2,7-Dihexylamino-4-methyl-[1.8]-naphthyridine 3e

Yellow powder, mp 190°C (Found: C, 73.9; H, 9.8; N, 16.4 Calc. for C₂₁H₃₄N₄ (342.53).

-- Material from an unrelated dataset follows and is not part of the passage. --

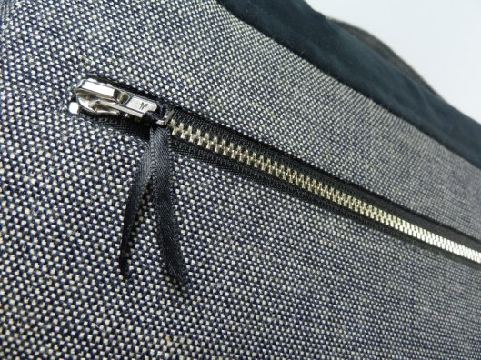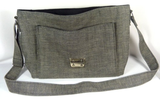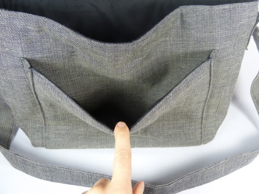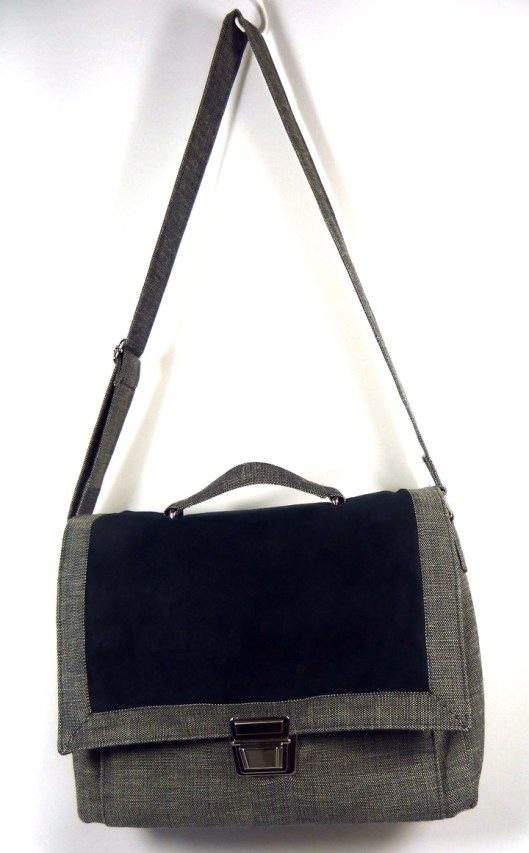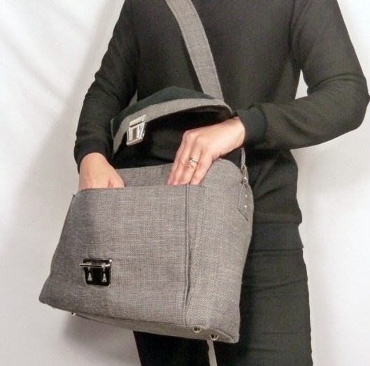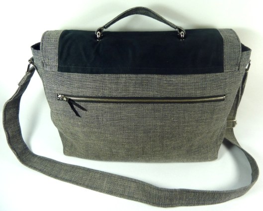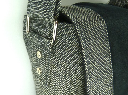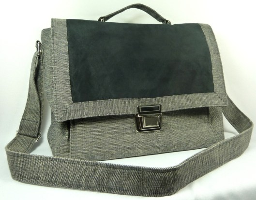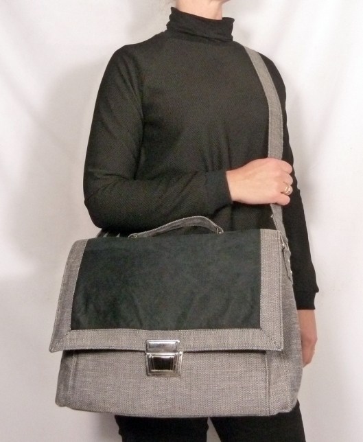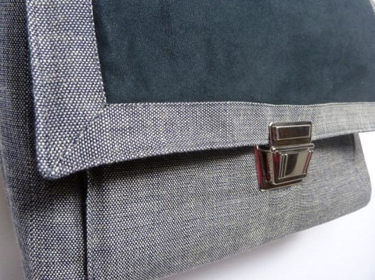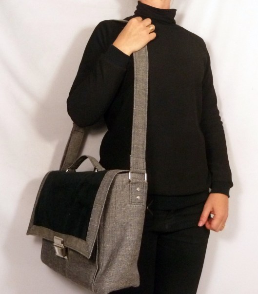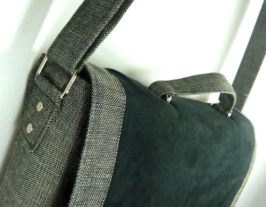 J’aime aussi bien le côté pratique et fonctionnel de ce sac que son design : à la fois sobre et élégant. Tout dépend également des tissus choisis. Le rabat est ici cousu dans deux tissus différents : suédine et lin. J’aime bien cette association.

C, 73.6; H, 10.0; N, 16.4; δ_H (500 MHz, CDCl₃) 0.89 (6 H, t, J 6.31, 2x Hζ), 1.34 and 1.42 (12 H, m, J 6.31, 2x Hε−γ), 1.73 (4 H, m, J 7.41, Hβ) 2.43 (3 H, s, Naphth-CH₃), 3.25 (4 H, t, J 7.09, N-CH₃), 6.16 (1 H, s, H3), 6.32 (1 H, d, J 8.83, H6), 7.70 (1 H, d, J 8.83, H5); δ_C(125 MHz, CDCl₃) 14.0 (CH₂-ζ), 18.6 (Naphth-CH₃), 22.6 (CH₂-ε), 26.8 (CH₂-γ), 29.0 (CH₃-β), 31.6 (CH₃-δ), 42.7 (N-CH₂), 110.6 (C3), 133.6 (C5), 134.8 (C6), 145.5 (C4), 157.0 (C9), 159.2/159.4 (C2/C7); MS (EI⁺) m/z (%): 342 (11) (C₂₁H₃₄N₄⁺), 313 (6) (C₁₉H₂₉N₄⁺), 285 (15) (C₁₇H₂₅N₄⁺), 271 (15), 259 (89), 243 (11), 230 (15), 202 (62) (C₂₁H₃₄N₄⁺), 188 (100) (C₁₀H₁₂N₄⁺), 175 (83), 159 (34) (C₉H₉N₃⁺).